Finding Balance in the AI Era
After careful consideration, I've therefore returned to a hybrid approach that better serves our educational goals. Students maintain the freedom to use AI in their essay writing, provided they're transparent about its use. However, the evaluation process has returned to human hands, with class participation during discussions remaining the primary basis for grading.
This approach acknowledges AI's presence in academic writing while preserving the irreplaceable value of human interaction in education. Essays serve not as products to be evaluated but as starting points for meaningful classroom discussions where students explain their thinking, defend their positions, and engage with their peers.
These discussions highlight aspects of understanding that AI text generation struggles to replicate. When students discuss their work, they demonstrate not just their grasp of concepts but their ability to apply them creatively, respond to challenges, and engage in genuine intellectual discourse. These interactions provide insights into their learning that no AI-generated essay, no matter how well-crafted, could reveal.
Looking Forward
The challenges of AI in education extend far beyond simple questions of academic integrity. As we continue to navigate this evolving landscape, we must carefully consider how to preserve the essential human elements of education while embracing technological advancement. Perhaps the most valuable lesson from this experiment is that the true worth of educational assignments lies not in their final form but in the discussions, insights, and human connections they generate.
This experience has once again taught me that while AI can be an incredibly powerful tool for both students and educators, it should augment, rather than replace, human judgment and interaction in education. The technology's limitations, particularly its inability to understand the nuances of human learning and foster genuine connection, help us identify what is truly essential in education: the human capacity for understanding, empathy, and genuine intellectual engagement.

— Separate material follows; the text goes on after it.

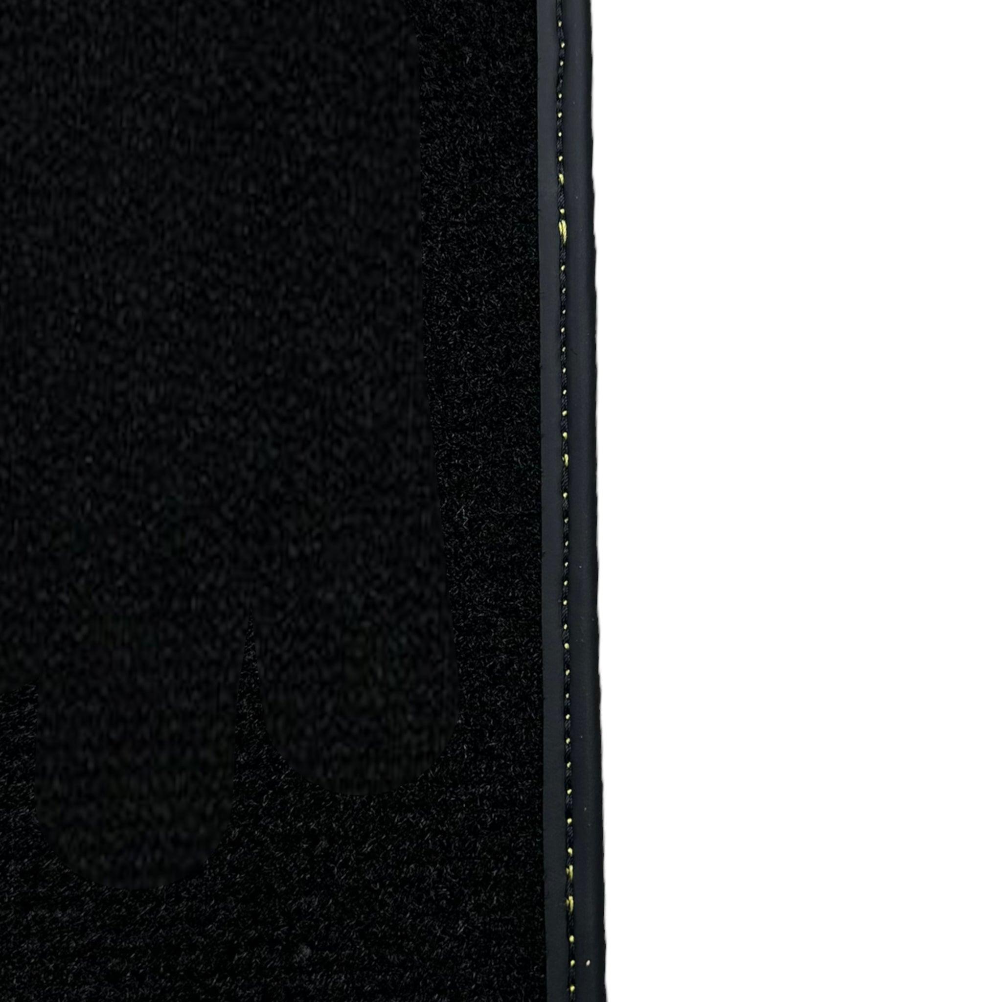 Schwarze Fußmatten für McLaren 720S Baujahr 2017–2021 mit gelbem Leder
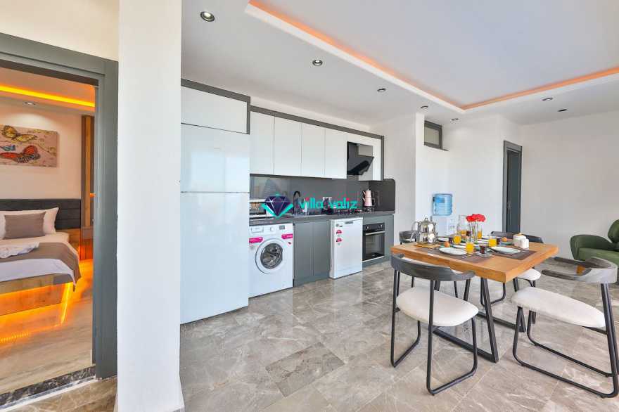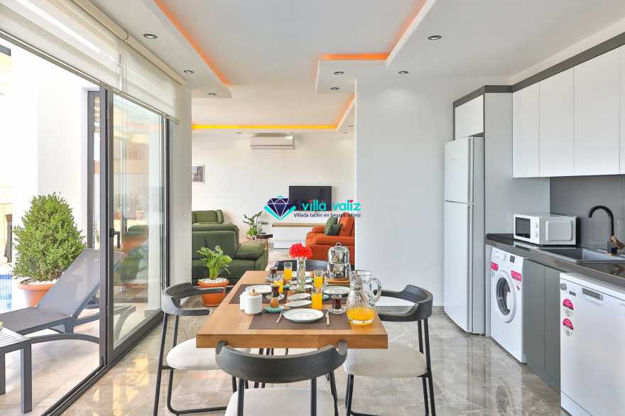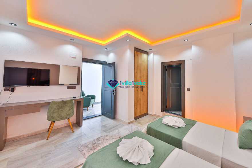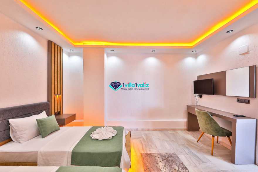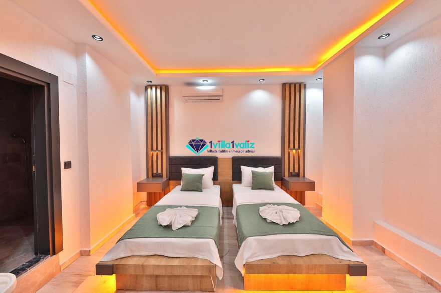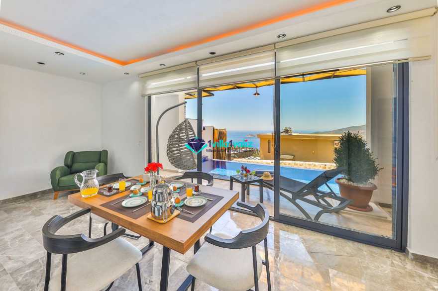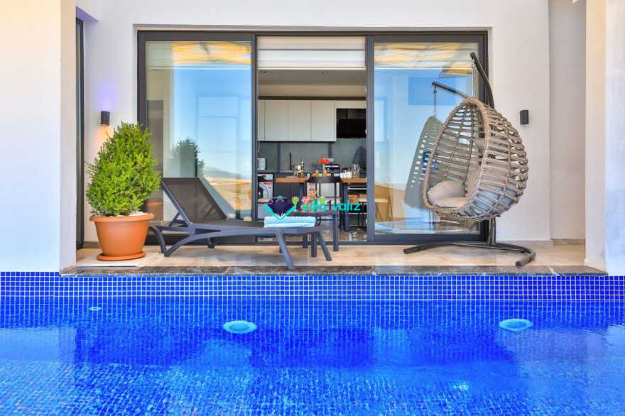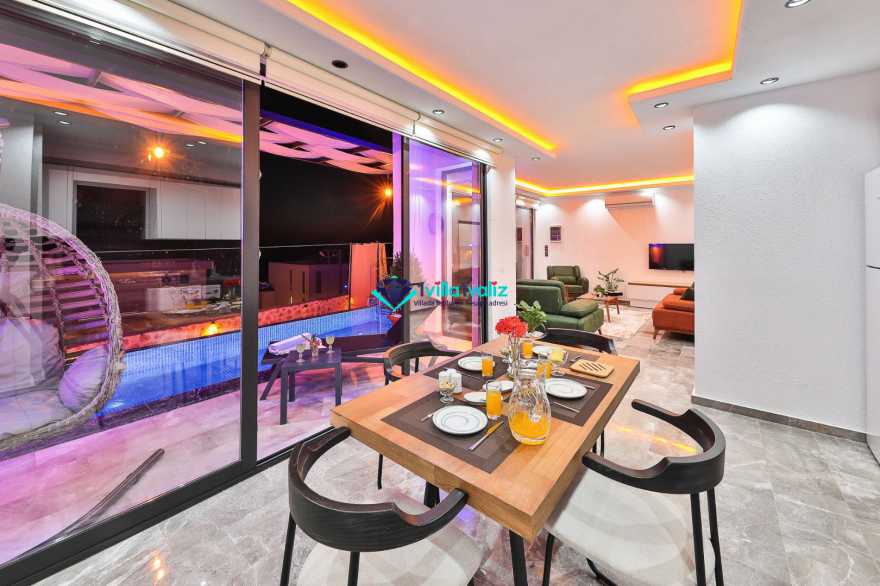 Villamız Kalkan Kördere bölgesinde yer almaktadır. 2 yatak odasına sahip tatil villamız 4 kişilik konaklama kapasitesine sahiptir. Kısmi deniz manzaralı konuma sahip olan tatil villamızın havuz alanı sizlere keyifli bir tatil ortamı sunmaktadır. Balayı çiftleri ve çekirdek aileler için ideal bir seçenek olan muhafazakar hassasiyete sahip misafirlerimiz içinde uygun bir tatil ortamı sunmaktadır.

In the end, the "problem" with AI grading might not be about technical capabilities at all, but about maintaining the delicate balance between technological efficiency and the human nature of education. As we move forward, finding this balance will be crucial for educators across all disciplines. Our challenge is not to resist technological change but to harness it thoughtfully.
Although AI's involvement in education will undoubtedly expand, my experience suggests a need for cautious and controlled integration. In our enthusiasm to embrace new technologies, we must preserve the essential human connections and experiences that make education truly meaningful.
I enjoyed reading this post and how you documented our class experience.
I used to agree that ‘AI writings lack a human touch’, but there are two things that is preventing me from accepting it these days. The first one is that the more I interact with AI the more I see it can be even added the ‘human touch’ to it, like to give it a personality or ask it to add experience to it as a human does.
The second thing is again the question of ‘if you didn’t know AI generated it, would you still rate it as mechanical?’ Or is it just knowing the fact that AI wrote it, or AI graded it, that makes us think it lacks that human touch?